[PATCH 1/1] amdgpu fix for gfx1103 queue evict/restore crash
Christian König
christian.koenig at amd.com
Wed Nov 27 11:51:18 UTC 2024
Am 27.11.24 um 12:46 schrieb Mika Laitio:
> AMD gfx1103 / M780 iGPU will crash eventually when used for
> pytorch ML/AI operations on rocm sdk stack. After kernel error
> the application exits on error and linux desktop can itself
> sometimes either freeze or reset back to login screen.
>
> Error will happen randomly when kernel calls evict_process_queues_cpsch and
> restore_process_queues_cpsch methods to remove and restore the queues
> that has been created earlier.
>
> The fix is to remove the evict and restore calls when device used is
> iGPU. The queues that has been added during the user space application execution
> time will still be removed when the application exits
As far as I can see that is absolutely not a fix but rather a obviously
broken workaround.
Evicting and restoring queues is usually mandatory for correct operation.
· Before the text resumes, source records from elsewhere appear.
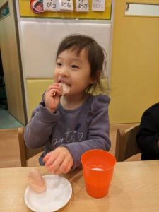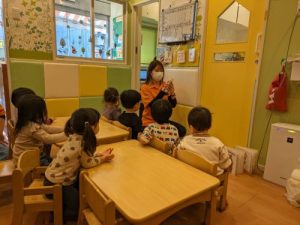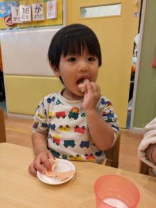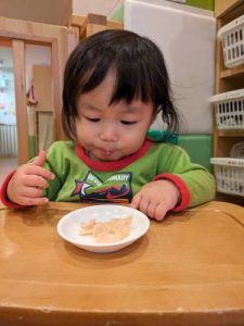 朝の歌とおやつの歌を歌うと、お待ちかねの『おやつの時間』です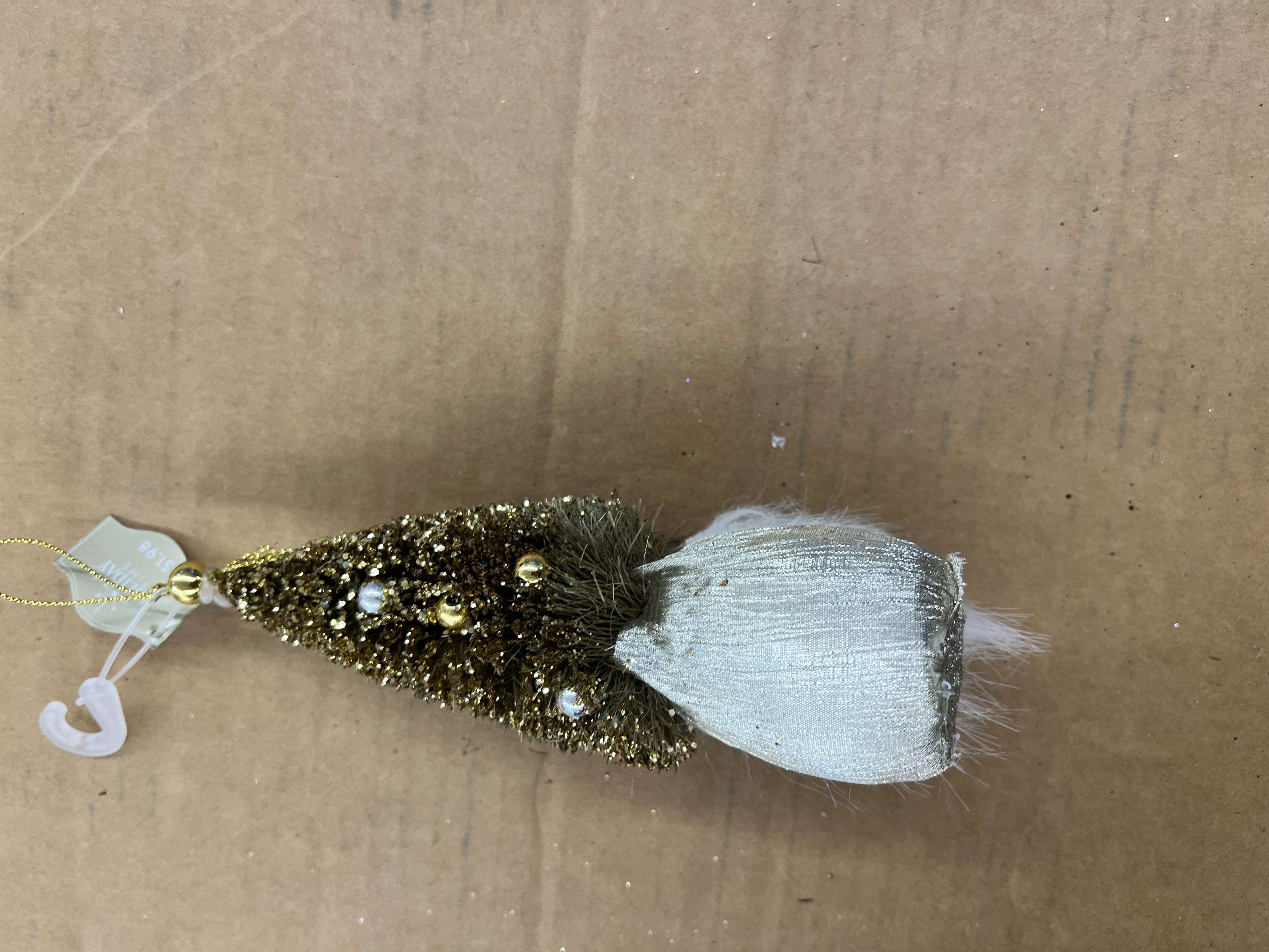 Holiday Time Gold Gnome Tree Christmas Ornament Festive ornament Product size: 7" Material: Plastic Color: Gold/White/Silver Use to decorate your tree Add to a stunning seasonal decoration Attached loop at the top makes it easy to display For indoor use Check out all the joyful Christmas decorations from Holiday Time like inflatable characters, twinkling lights, colorful wreaths, and more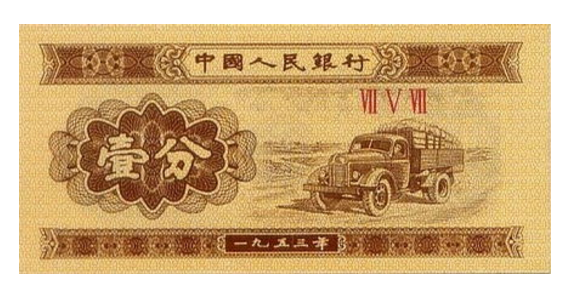 1953年1分纸币一共有两类,一类是50年代初期印刷发行的1分原版,正面除了印有3位的罗马数字外,还有着7位数的阿拉伯数字冠码。不过这个原版已经很少见,存世量很少,所以它的收藏价值很高,目前在人民币收藏市场上也可以卖到四五百元一张。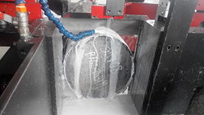 5. Труднодоступность СОЖ при резании крупногабаритных заготовок. Данная проблема характерна не только для никелевых сплавов, однако именно для них оказываемое влияние наиболее критично. Это связано, как мы упоминали ранее, с низкой теплопроводностью материала, что требует хорошего охлаждения в зоне резания. В связи с этим количество СОЖ, подаваемого в пропил должно быть максимально возможным. При этом концентрация должна быть >15%. Высокая концентрация кроме охлаждающих и смазывающих свойств обладает лучшей налипаемостью на поверхности пилы, что заносит эмульсию в канал пропила.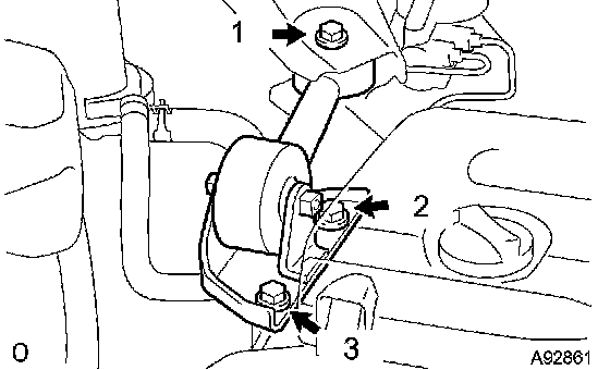 HINT: First, loosely install bolts (1) and (2) with your hand. Then use a wench to install bolt (3). Finally, tighten bolt (2) and (1), in that order.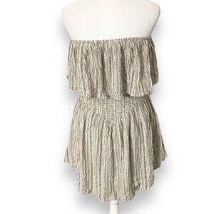 Anthropologie Promesa Size L Strapless Mini Dress Romper Ruching Cream Gray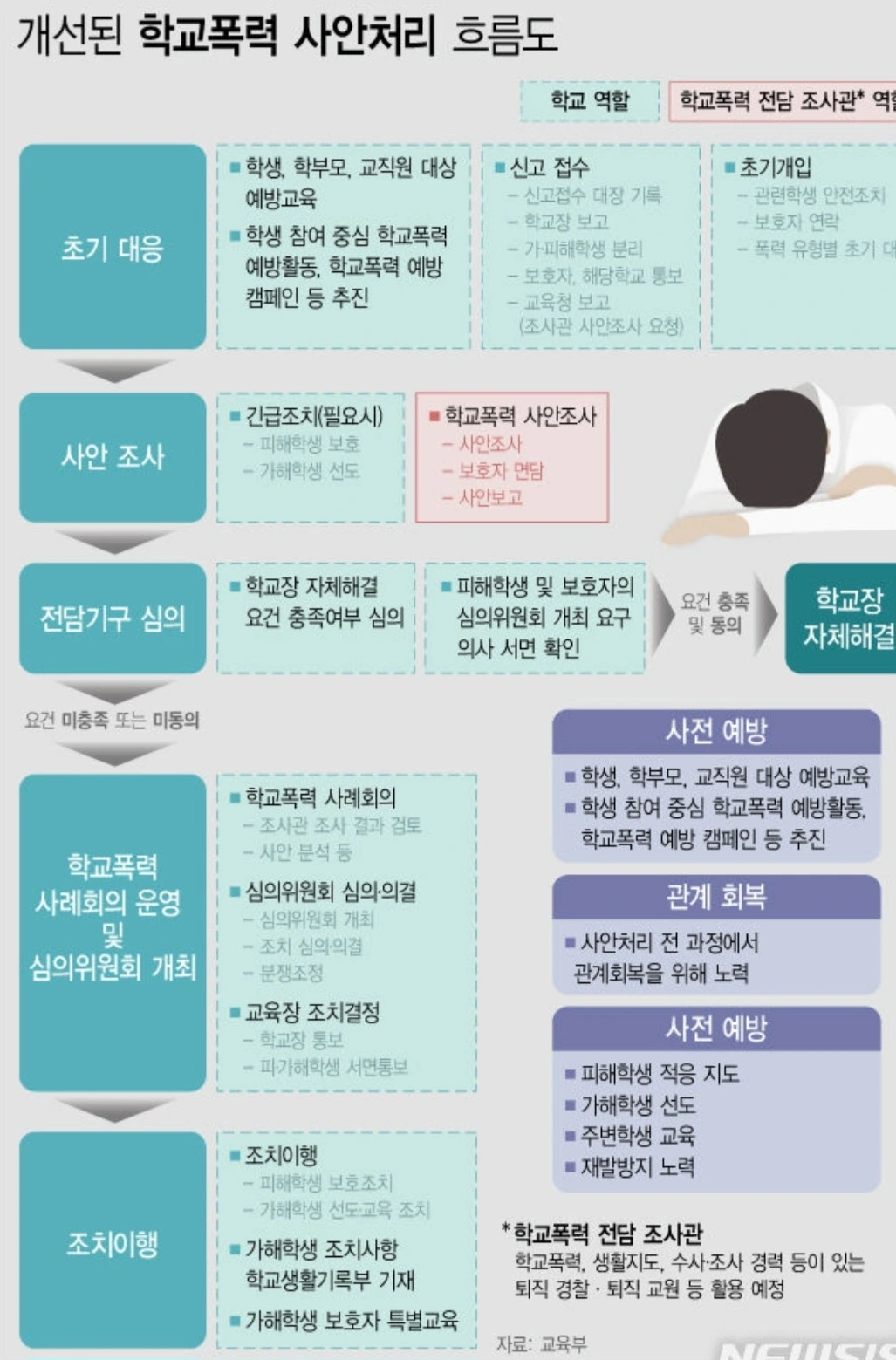 그 결과 정부는(교육부와 행정안전부) 12월 7일 <학교폭력 사안처리 제도 개선 및 학교전담경찰관 역할 강화 방안>을 발표했다.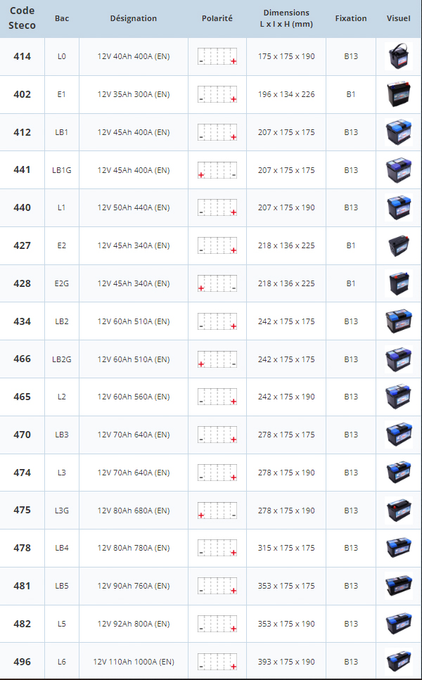Il est recommandé de remonter sur le véhicule une batterie de capacité supérieure à celle d’origine :

So just ignore that this doesn't work will just is not something you can do.
Regards,
Christian.
>
> On evety test attempts the crash has always happened on the
> same location while removing the 2nd queue of 3 with doorbell id 0x1002.
>
> Below is the trace captured by adding more printouts to problem
> location to print message also when the queue is evicted or resrored
> succesfully.
>
> [ 948.324174] amdgpu 0000:c4:00.0: amdgpu: add_queue_mes added hardware queue to MES, doorbell=0x1202, queue: 2, caller: restore_process_queues_cpsch
> [ 948.334344] amdgpu 0000:c4:00.0: amdgpu: add_queue_mes added hardware queue to MES, doorbell=0x1002, queue: 1, caller: restore_process_queues_cpsch
> [ 948.344499] amdgpu 0000:c4:00.0: amdgpu: add_queue_mes added hardware queue to MES, doorbell=0x1000, queue: 0, caller: restore_process_queues_cpsch
> [ 952.380614] amdgpu 0000:c4:00.0: amdgpu: remove_queue_mes removed hardware queue from MES, doorbell=0x1202, queue: 2, caller: evict_process_queues_cpsch
> [ 952.391330] amdgpu 0000:c4:00.0: amdgpu: remove_queue_mes removed hardware queue from MES, doorbell=0x1002, queue: 1, caller: evict_process_queues_cpsch
> [ 952.401634] amdgpu 0000:c4:00.0: amdgpu: remove_queue_mes removed hardware queue from MES, doorbell=0x1000, queue: 0, caller: evict_process_queues_cpsch
> [ 952.414507] amdgpu 0000:c4:00.0: amdgpu: add_queue_mes added hardware queue to MES, doorbell=0x1202, queue: 2, caller: restore_process_queues_cpsch
> [ 952.424618] amdgpu 0000:c4:00.0: amdgpu: add_queue_mes added hardware queue to MES, doorbell=0x1002, queue: 1, caller: restore_process_queues_cpsch
> [ 952.434922] amdgpu 0000:c4:00.0: amdgpu: add_queue_mes added hardware queue to MES, doorbell=0x1000, queue: 0, caller: restore_process_queues_cpsch
> [ 952.446272] amdgpu 0000:c4:00.0: amdgpu: remove_queue_mes removed hardware queue from MES, doorbell=0x1202, queue: 2, caller: evict_process_queues_cpsch
> [ 954.460341] amdgpu 0000:c4:00.0: amdgpu: MES failed to respond to msg=REMOVE_QUEUE
> [ 954.460356] amdgpu 0000:c4:00.0: amdgpu: remove_queue_mes failed to remove hardware queue from MES, doorbell=0x1002, queue: 1, caller: evict_process_queues_cpsch
> [ 954.460360] amdgpu 0000:c4:00.0: amdgpu: MES might be in unrecoverable state, issue a GPU reset
> [ 954.460366] amdgpu 0000:c4:00.0: amdgpu: Failed to evict queue 1
> [ 954.460368] amdgpu 0000:c4:00.0: amdgpu: Failed to evict process queues
> [ 954.460439] amdgpu 0000:c4:00.0: amdgpu: GPU reset begin!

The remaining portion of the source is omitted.